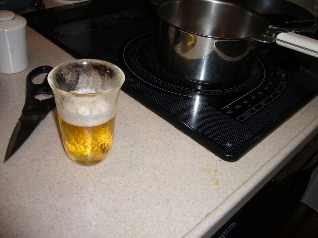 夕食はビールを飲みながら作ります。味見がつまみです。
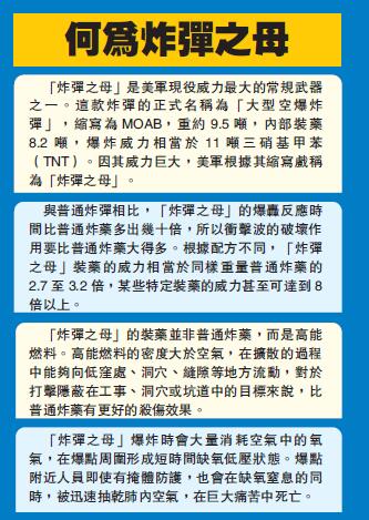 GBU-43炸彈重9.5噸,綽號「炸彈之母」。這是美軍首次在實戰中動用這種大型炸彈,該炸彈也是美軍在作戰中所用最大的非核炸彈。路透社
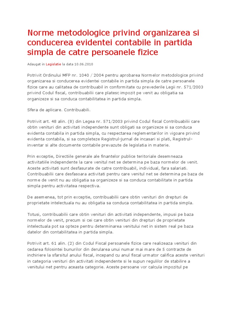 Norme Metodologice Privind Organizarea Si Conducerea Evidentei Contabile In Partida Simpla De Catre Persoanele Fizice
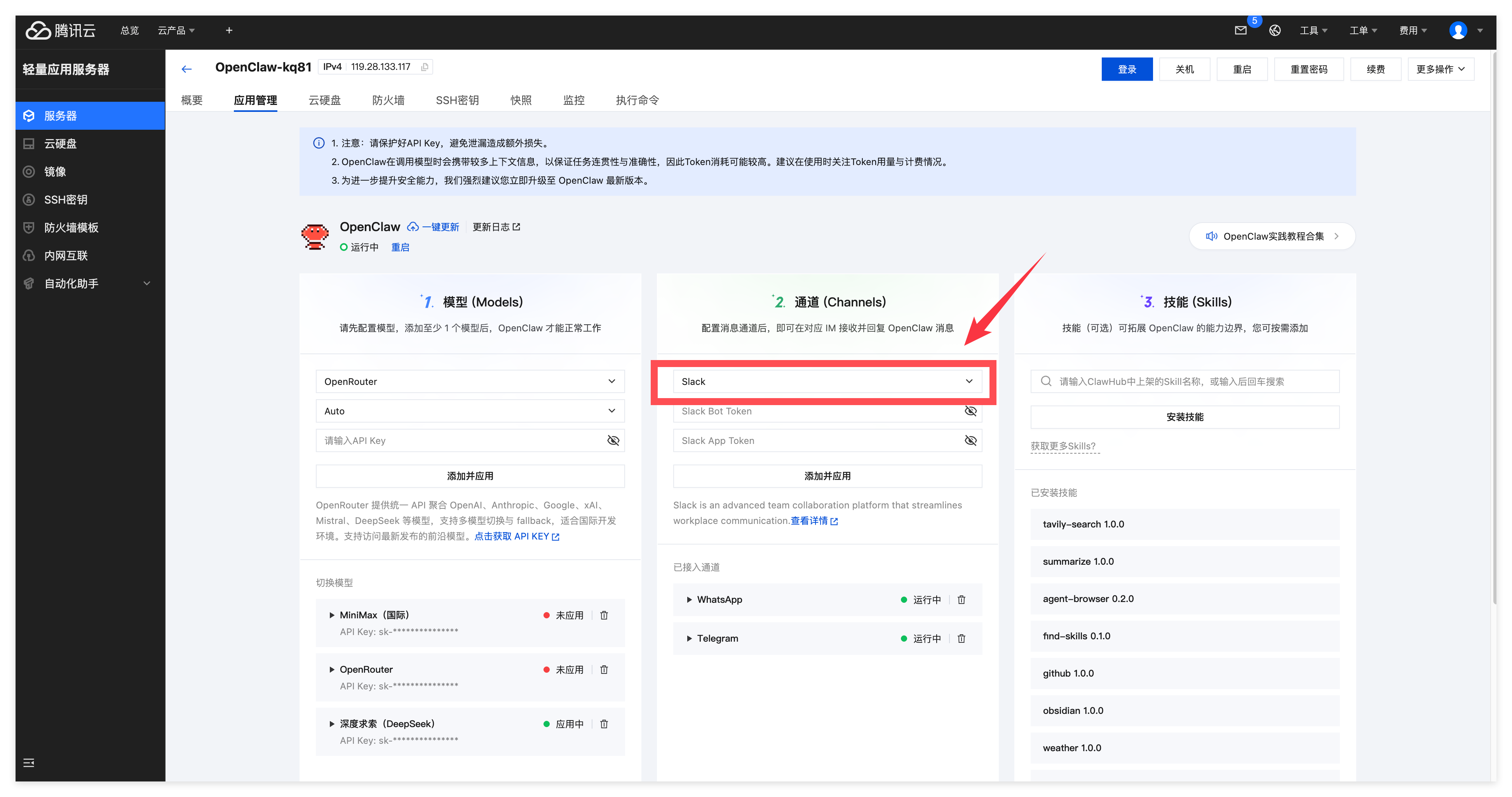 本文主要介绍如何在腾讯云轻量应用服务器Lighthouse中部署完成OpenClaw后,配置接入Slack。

────────────────

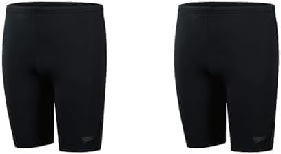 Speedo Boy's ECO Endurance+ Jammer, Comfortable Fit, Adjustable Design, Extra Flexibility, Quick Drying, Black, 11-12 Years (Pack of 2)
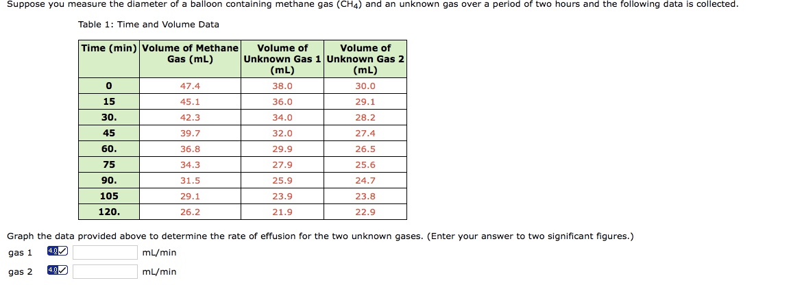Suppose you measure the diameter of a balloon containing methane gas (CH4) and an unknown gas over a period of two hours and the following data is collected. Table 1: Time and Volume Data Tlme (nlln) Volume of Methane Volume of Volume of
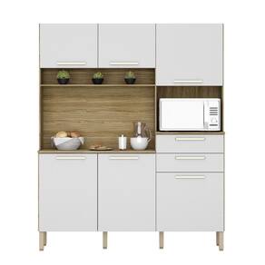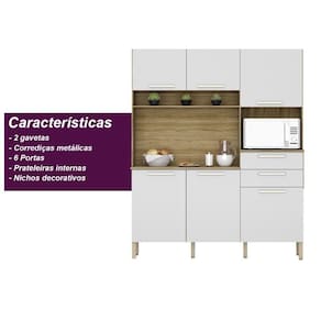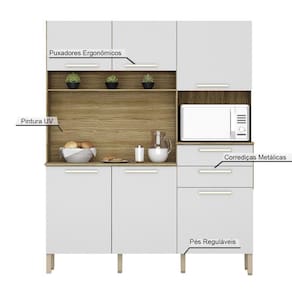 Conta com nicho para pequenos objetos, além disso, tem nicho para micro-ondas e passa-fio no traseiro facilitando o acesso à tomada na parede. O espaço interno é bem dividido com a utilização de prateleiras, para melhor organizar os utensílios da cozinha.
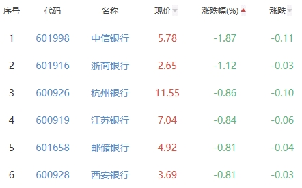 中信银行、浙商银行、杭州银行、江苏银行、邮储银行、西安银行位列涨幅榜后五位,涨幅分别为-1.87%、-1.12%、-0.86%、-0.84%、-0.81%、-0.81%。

────────────────

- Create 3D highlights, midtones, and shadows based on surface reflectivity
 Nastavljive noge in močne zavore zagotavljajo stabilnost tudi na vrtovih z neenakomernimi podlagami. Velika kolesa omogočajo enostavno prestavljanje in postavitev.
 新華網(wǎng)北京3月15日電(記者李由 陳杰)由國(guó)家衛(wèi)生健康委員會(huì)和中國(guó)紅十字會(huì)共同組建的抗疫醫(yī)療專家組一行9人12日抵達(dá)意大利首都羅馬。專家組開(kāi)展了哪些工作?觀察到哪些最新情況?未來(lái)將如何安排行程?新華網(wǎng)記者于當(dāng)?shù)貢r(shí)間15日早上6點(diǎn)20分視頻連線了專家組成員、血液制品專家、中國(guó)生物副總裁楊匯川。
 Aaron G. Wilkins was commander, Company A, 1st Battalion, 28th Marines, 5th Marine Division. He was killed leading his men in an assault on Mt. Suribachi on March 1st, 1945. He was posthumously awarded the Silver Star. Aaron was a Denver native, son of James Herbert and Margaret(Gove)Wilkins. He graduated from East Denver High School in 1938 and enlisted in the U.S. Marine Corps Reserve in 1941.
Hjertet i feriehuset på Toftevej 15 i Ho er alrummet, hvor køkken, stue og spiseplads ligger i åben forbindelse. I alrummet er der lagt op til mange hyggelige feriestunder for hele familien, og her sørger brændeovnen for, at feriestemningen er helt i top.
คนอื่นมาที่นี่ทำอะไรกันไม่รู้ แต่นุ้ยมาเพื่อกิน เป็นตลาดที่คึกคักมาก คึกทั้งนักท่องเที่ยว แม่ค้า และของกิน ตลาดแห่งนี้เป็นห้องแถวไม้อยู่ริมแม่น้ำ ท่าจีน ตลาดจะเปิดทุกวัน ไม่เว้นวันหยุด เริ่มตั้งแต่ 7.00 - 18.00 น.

────────────────

## INSTRUCTIONS TO FOLLOW:
Drop the pictures; return the lines above from the line containing "Suppose you measure" to the line containing "Conta com nicho", both included, exactly.

## TASK ANSWER:
Suppose you measure the diameter of a balloon containing methane gas (CH4) and an unknown gas over a period of two hours and the following data is collected. Table 1: Time and Volume Data Tlme (nlln) Volume of Methane Volume of Volume of
 Conta com nicho para pequenos objetos, além disso, tem nicho para micro-ondas e passa-fio no traseiro facilitando o acesso à tomada na parede. O espaço interno é bem dividido com a utilização de prateleiras, para melhor organizar os utensílios da cozinha.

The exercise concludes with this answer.